Edwin E. Cull (October 8, 1891 – March 19, 1956) was an American architect in practice in Providence, Rhode Island from 1921 until his death. In 1946 he was cofounder of what is now The Robinson Green Beretta Corporation, one of the largest architecture firms in Rhode Island.

==Life and career==
Edwin Emory Cull was born October 8, 1891 in Providence, Rhode Island, to James A. Cull, a manufacturer, and Mary Ella Cull, nee Mosher. He was educated in the Providence public schools and at the Rhode Island School of Design with supplementary study at Cornell University. During World War I Cull served in the United States Army Signal Corps and was stationed for the duration of the war in Houston. After being discharged Cull remained in Houston, working for a contracting firm. In 1920 he returned to Providence, where in 1921 he bought out the practice of architect T. Clarence Herrmann and began to practice for himself. As a practicing architect Cull specialized in residential design. He was well known both for the design of new homes and for modernizing old ones without compromising their historic character. He was responsible for the restoration of the Wilson–Winslow House (1936) in Coventry and the Carpenter Homestead (1940) in Seekonk, Massachusetts. He was also associated with Norman M. Isham in the restoration of the Clement Weaver–Daniel Howland House (1940) in East Greenwich. All three of these houses have been listed on the United States National Register of Historic Places. In 1943, during World War II, Cull closed his office. He spent the duration of the war as a consultant to the state War Production Board. After the war Cull joined manufacturers Arnold, Hoffman & Company as their chief architectural engineer.

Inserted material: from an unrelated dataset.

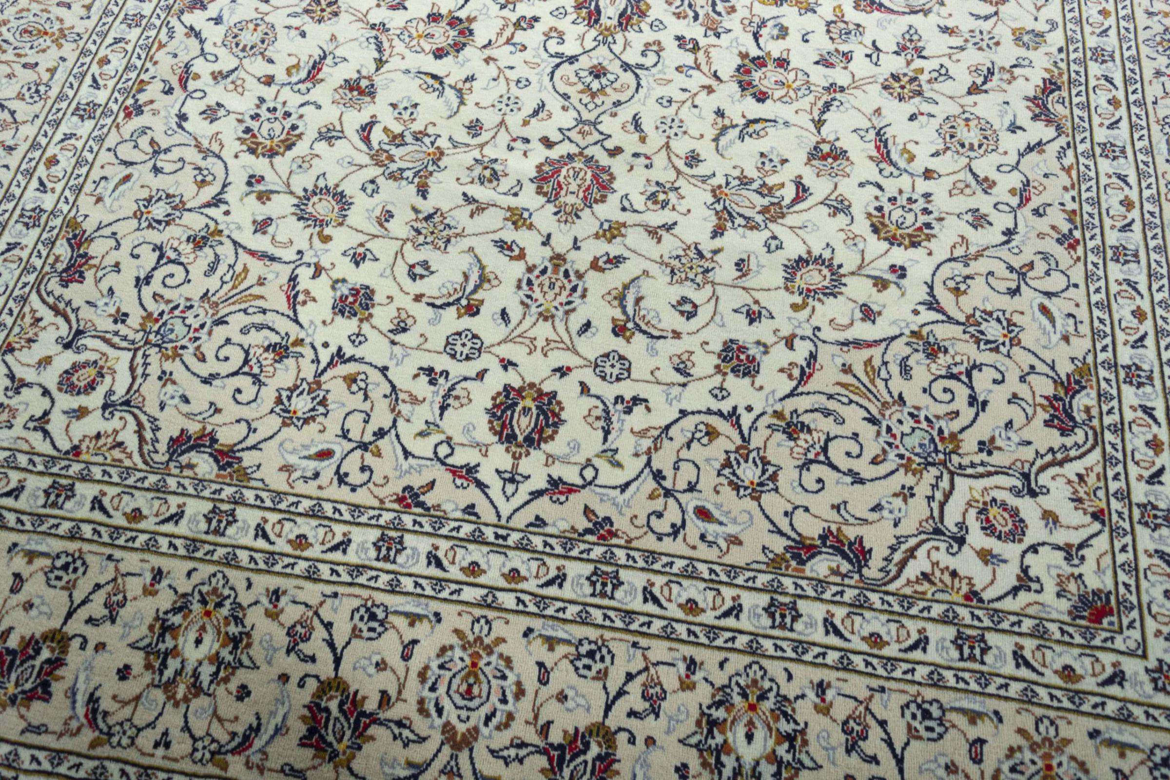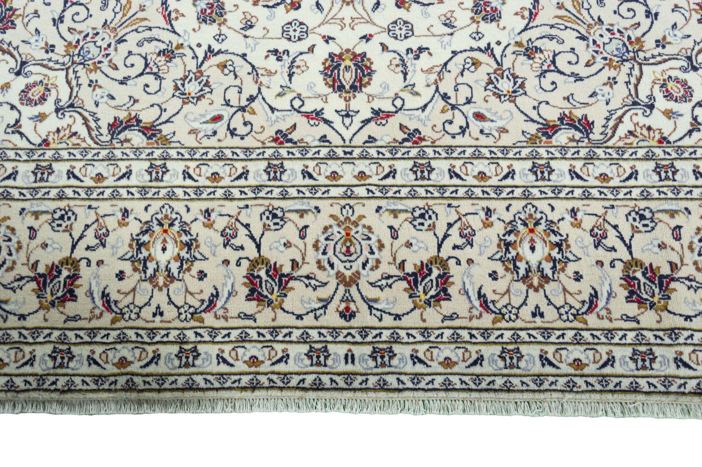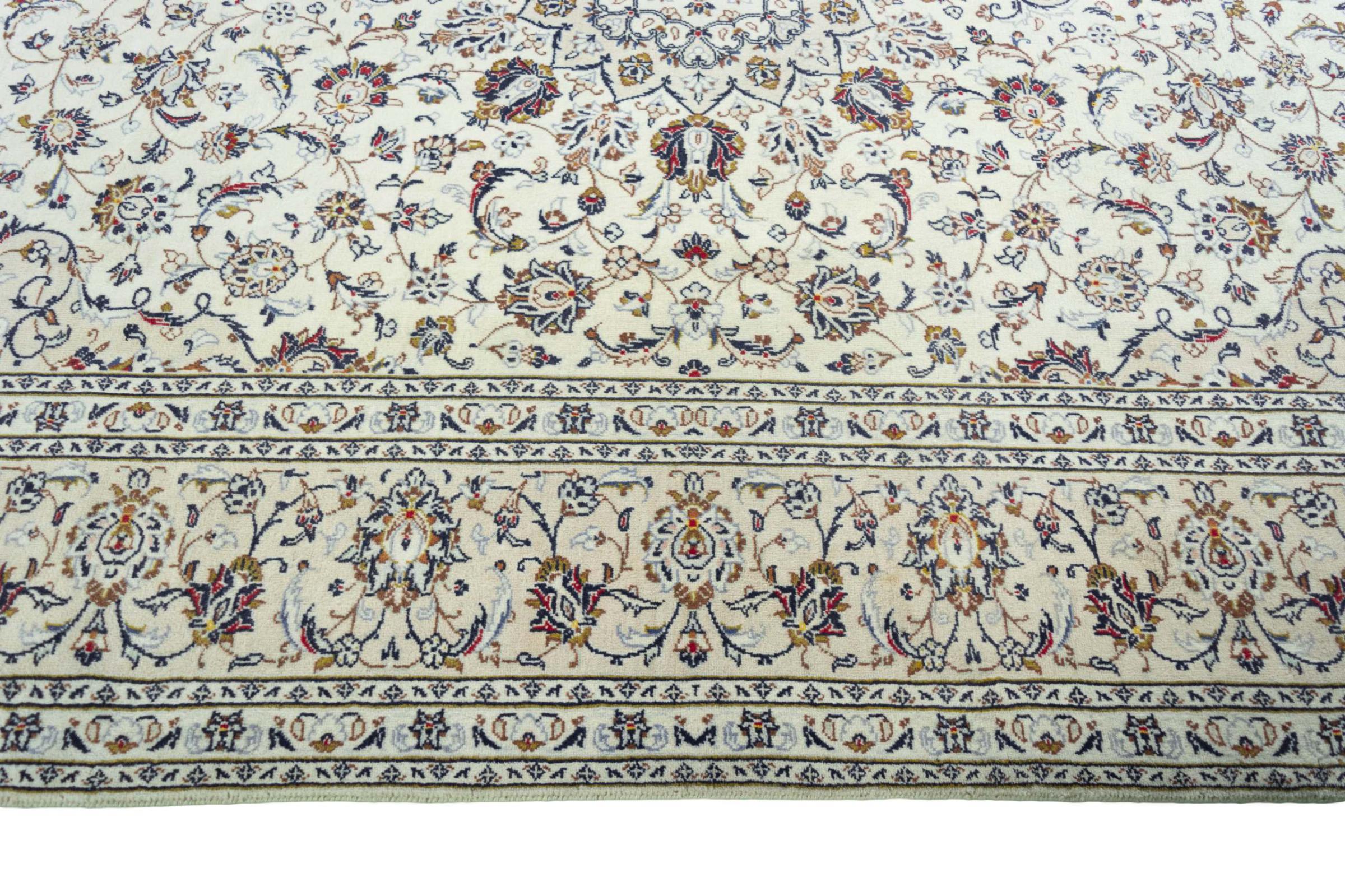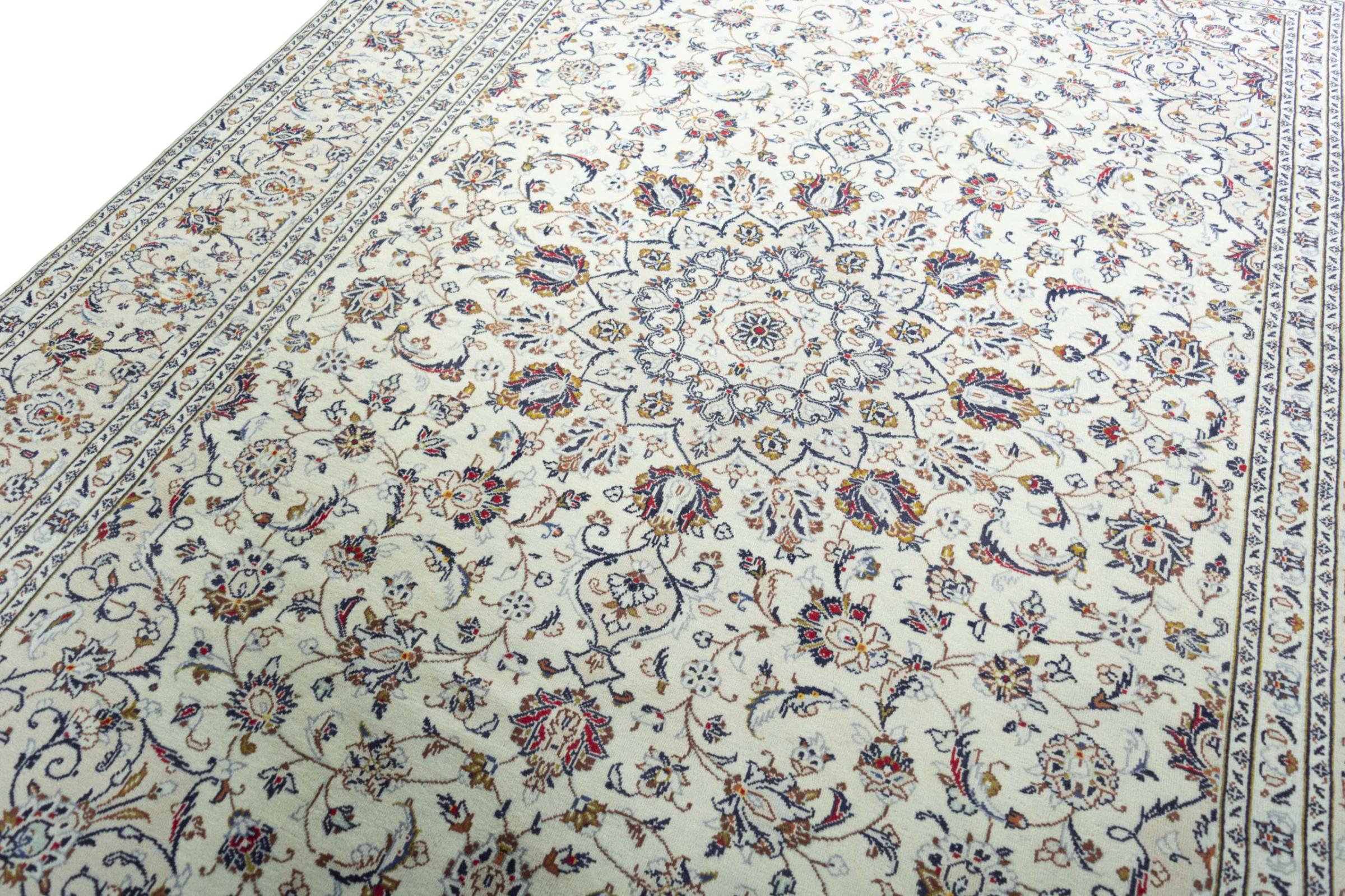 Ce tapis de Kashan (Keshan) se tient dans son design persan très traditionnel et typique avec de beaux ornements. Les tapis Kashan sont très populaires en raison de leur design exceptionnellement élégant. Ces tapis sont originaires de Kashan, une ville située sur l'ancienne route de la soie. Ce tapis a été noué à la main à partir de laine de mouton de haute qualité et sera un point culminant unique dans votre maison.

In 1946 Cull returned to private practice. He and fellow architect Knight D. Robinson acquired the practice of the late mill architect Eugene B. Whipple, forming the partnership of Cull & Robinson. Whipple had established his practice in 1927 after the dissolution of his former firm, Perry & Whipple. Robinson was a Providence native who had been educated at Brown University and the Massachusetts Institute of Technology. He then studied under Walter Gropius at the Harvard Graduate School of Design (GSD), earning a BArch in 1939. During the war he served in the United States Navy. In 1953 Cull & Robinson were joined by a third partner, Conrad E. Green. Green was a native of North Attleborough, Massachusetts and was a nephew of then-senator Theodore F. Green. He had been a classmate of Robinson at the GSD and had worked for Skidmore, Owings & Merrill and Albert Harkness before opening his own office in Providence in 1948.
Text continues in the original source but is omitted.